The required result is a line count: how many lines in this data hold the word "then". Give only that.

* [INPUT DATA]:
((
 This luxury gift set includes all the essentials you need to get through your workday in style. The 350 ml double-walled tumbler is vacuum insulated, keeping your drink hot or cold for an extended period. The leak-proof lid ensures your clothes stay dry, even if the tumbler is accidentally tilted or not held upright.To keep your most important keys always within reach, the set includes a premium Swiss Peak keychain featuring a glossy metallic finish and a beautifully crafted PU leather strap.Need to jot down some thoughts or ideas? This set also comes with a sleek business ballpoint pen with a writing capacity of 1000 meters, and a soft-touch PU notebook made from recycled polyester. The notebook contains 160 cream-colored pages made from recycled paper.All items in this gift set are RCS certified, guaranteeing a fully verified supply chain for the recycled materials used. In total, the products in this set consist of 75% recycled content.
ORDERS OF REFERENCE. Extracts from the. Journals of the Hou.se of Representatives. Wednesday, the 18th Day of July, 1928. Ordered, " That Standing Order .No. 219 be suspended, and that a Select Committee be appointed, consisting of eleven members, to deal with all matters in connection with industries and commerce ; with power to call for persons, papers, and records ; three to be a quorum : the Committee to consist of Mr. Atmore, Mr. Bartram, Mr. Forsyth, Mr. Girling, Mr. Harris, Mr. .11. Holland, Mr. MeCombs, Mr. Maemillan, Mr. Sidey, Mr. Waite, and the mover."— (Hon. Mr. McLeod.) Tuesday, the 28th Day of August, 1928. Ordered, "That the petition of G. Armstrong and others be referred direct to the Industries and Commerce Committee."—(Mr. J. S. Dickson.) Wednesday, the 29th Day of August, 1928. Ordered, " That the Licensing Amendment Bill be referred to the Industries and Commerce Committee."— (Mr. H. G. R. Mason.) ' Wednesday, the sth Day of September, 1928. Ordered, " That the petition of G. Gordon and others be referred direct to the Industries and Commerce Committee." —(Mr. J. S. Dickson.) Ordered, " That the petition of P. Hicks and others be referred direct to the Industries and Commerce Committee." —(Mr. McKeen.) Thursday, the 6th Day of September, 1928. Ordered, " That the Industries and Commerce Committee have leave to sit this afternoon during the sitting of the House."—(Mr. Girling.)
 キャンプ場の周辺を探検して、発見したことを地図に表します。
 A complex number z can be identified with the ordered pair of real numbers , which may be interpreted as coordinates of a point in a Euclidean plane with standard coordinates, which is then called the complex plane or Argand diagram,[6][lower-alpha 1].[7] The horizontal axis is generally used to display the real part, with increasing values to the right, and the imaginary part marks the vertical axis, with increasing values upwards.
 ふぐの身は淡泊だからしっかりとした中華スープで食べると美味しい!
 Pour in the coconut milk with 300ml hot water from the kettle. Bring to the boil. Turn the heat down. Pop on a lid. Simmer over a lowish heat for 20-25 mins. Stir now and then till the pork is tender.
))
((
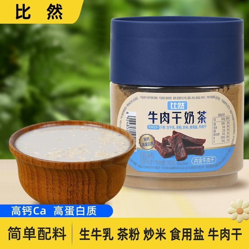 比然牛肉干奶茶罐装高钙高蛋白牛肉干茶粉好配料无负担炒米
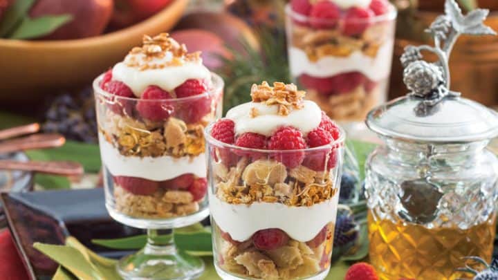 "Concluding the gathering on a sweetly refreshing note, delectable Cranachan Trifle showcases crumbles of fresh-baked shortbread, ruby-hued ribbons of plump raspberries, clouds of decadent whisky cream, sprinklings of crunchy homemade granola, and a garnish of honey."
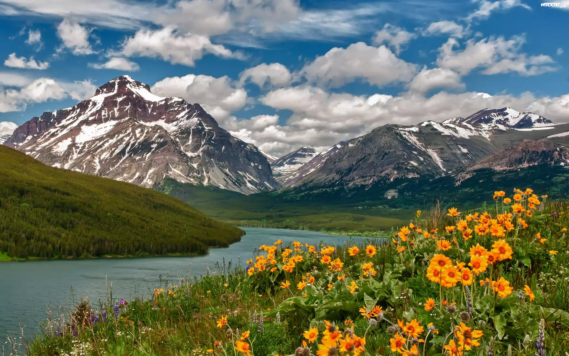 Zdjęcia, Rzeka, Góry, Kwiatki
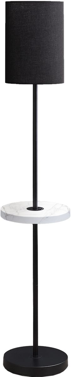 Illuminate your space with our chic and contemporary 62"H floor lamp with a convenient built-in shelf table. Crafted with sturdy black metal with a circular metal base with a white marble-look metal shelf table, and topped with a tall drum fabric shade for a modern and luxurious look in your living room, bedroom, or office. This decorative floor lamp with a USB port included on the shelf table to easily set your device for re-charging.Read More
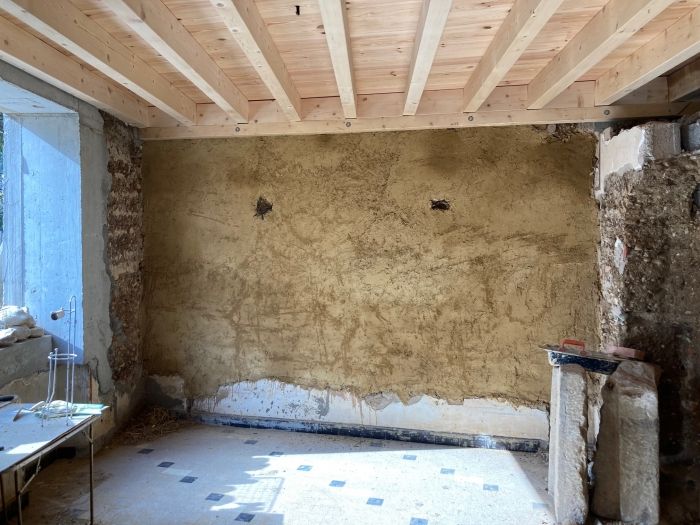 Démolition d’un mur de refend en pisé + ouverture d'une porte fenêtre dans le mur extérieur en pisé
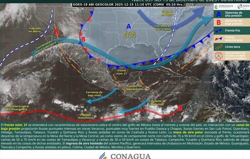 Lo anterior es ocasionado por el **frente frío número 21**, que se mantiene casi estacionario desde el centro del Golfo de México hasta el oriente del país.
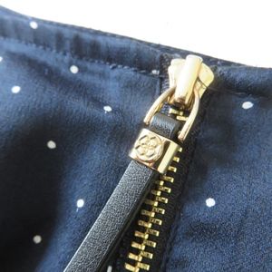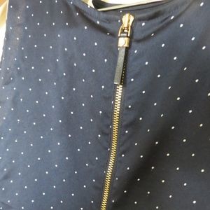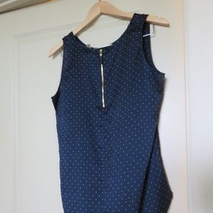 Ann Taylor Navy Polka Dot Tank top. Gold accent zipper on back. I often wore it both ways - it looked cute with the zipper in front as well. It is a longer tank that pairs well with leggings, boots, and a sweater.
))
((
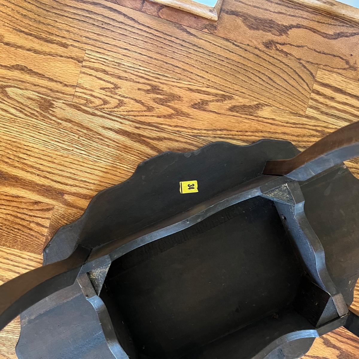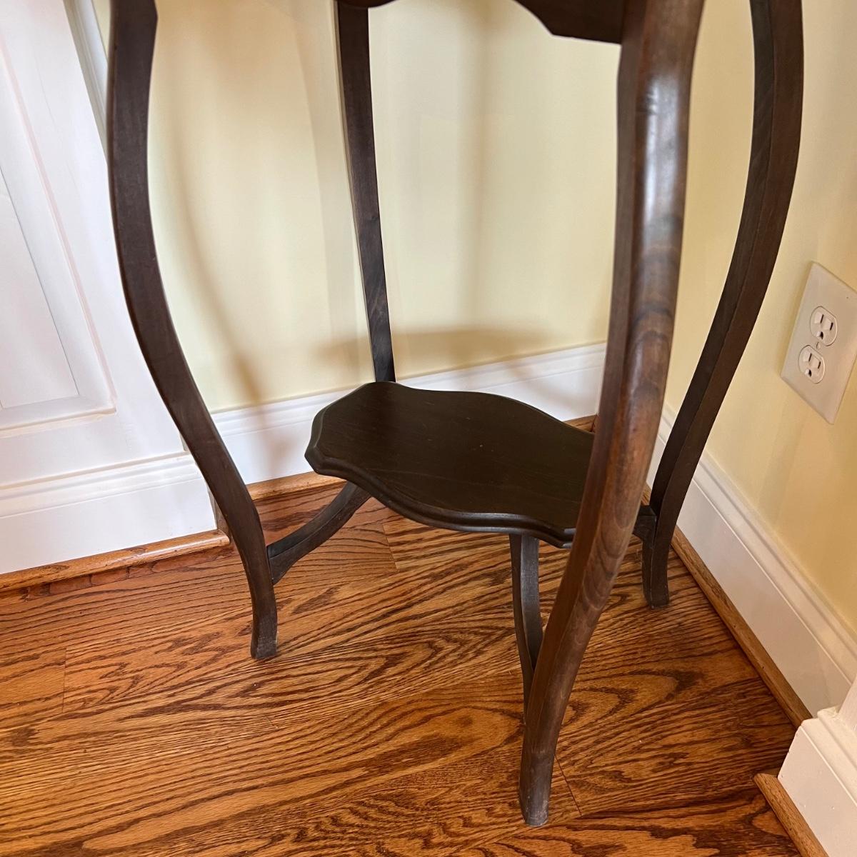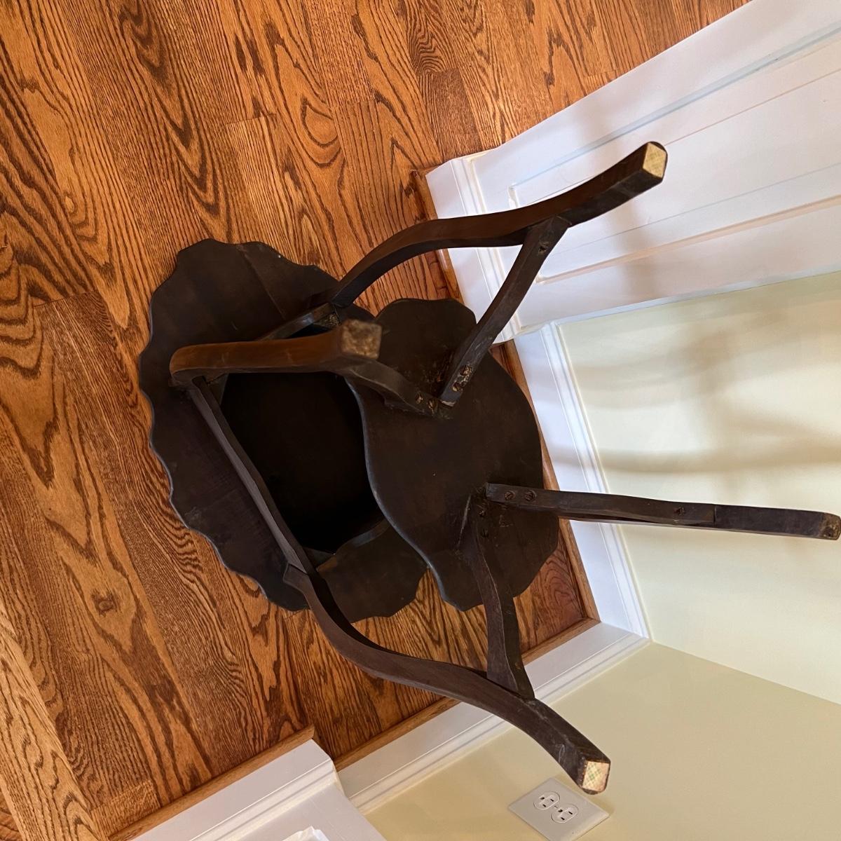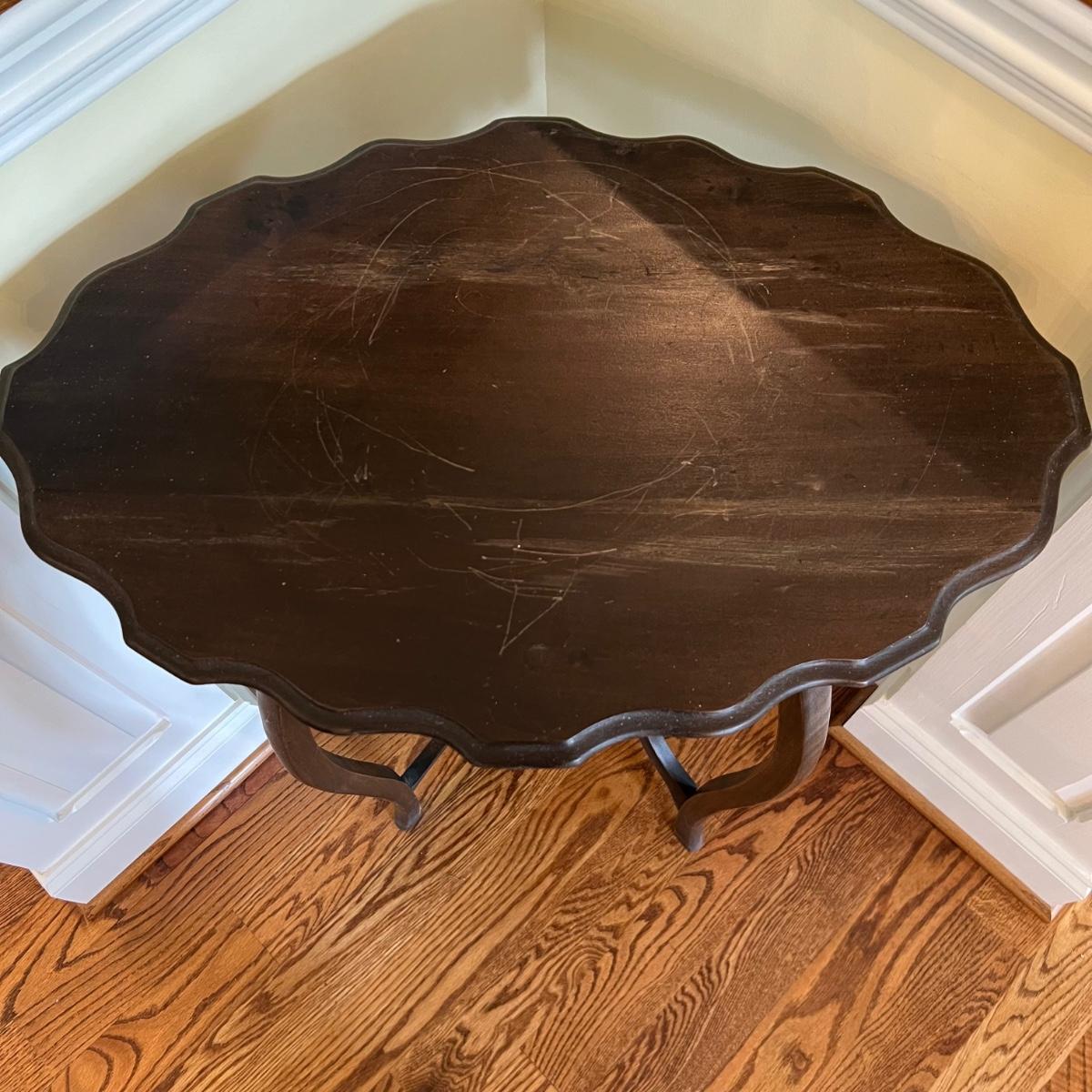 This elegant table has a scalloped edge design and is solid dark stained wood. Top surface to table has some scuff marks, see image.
))
* [TASK SOLUTION]:
2